→ **Problem statement**:
Where the lines below hold images, skip those and copy every word exactly.

→ **Information shown**:

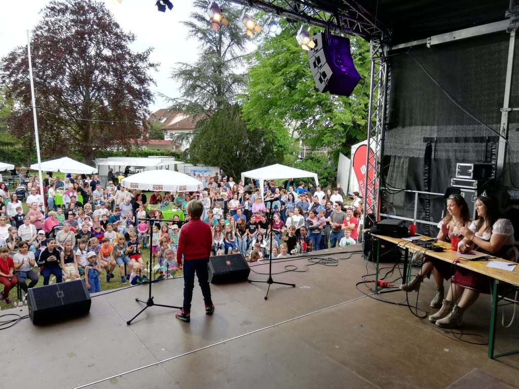 An eurem großen Auftrittstag könnt ihr euch eine halbe Stunde vor Beginn auf der Bühne anmelden. Bringt dazu euer Lied, egal ob auf CD, USB-Stick oder Handy, mit. Die Wartezeit bis zu eurem Auftritt können sich eure Eltern und Großeltern auch mit einem Stück Kuchen von unserem Kuchenbuffet versüßen.
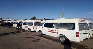 درعا-سانا دخلت عبر مركز نصيب الحدودي في درعا 10 سيارات إسعاف مقدمة من شركة ملوك للتجارة في الأردن
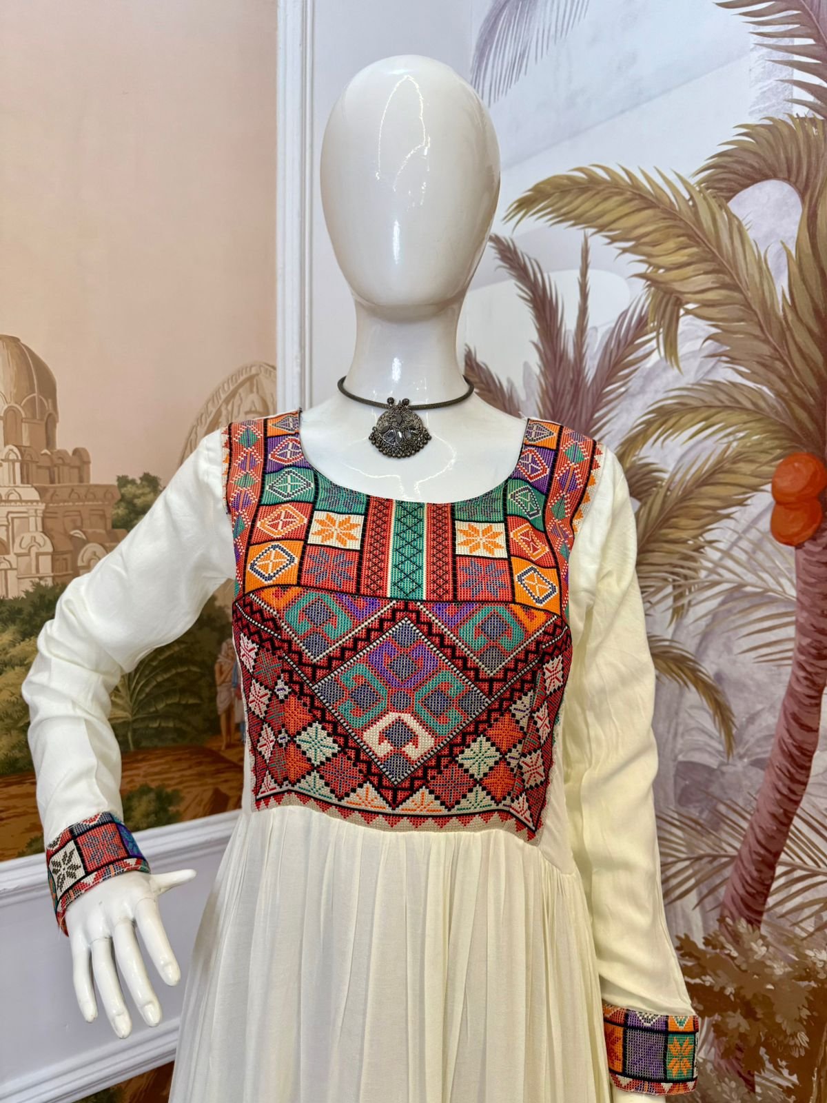• Work: Gamthi Jacquard Weaving Neck + Lace Border

→ **Your solution**:
 An eurem großen Auftrittstag könnt ihr euch eine halbe Stunde vor Beginn auf der Bühne anmelden. Bringt dazu euer Lied, egal ob auf CD, USB-Stick oder Handy, mit. Die Wartezeit bis zu eurem Auftritt können sich eure Eltern und Großeltern auch mit einem Stück Kuchen von unserem Kuchenbuffet versüßen.
 درعا-سانا دخلت عبر مركز نصيب الحدودي في درعا 10 سيارات إسعاف مقدمة من شركة ملوك للتجارة في الأردن
• Work: Gamthi Jacquard Weaving Neck + Lace Border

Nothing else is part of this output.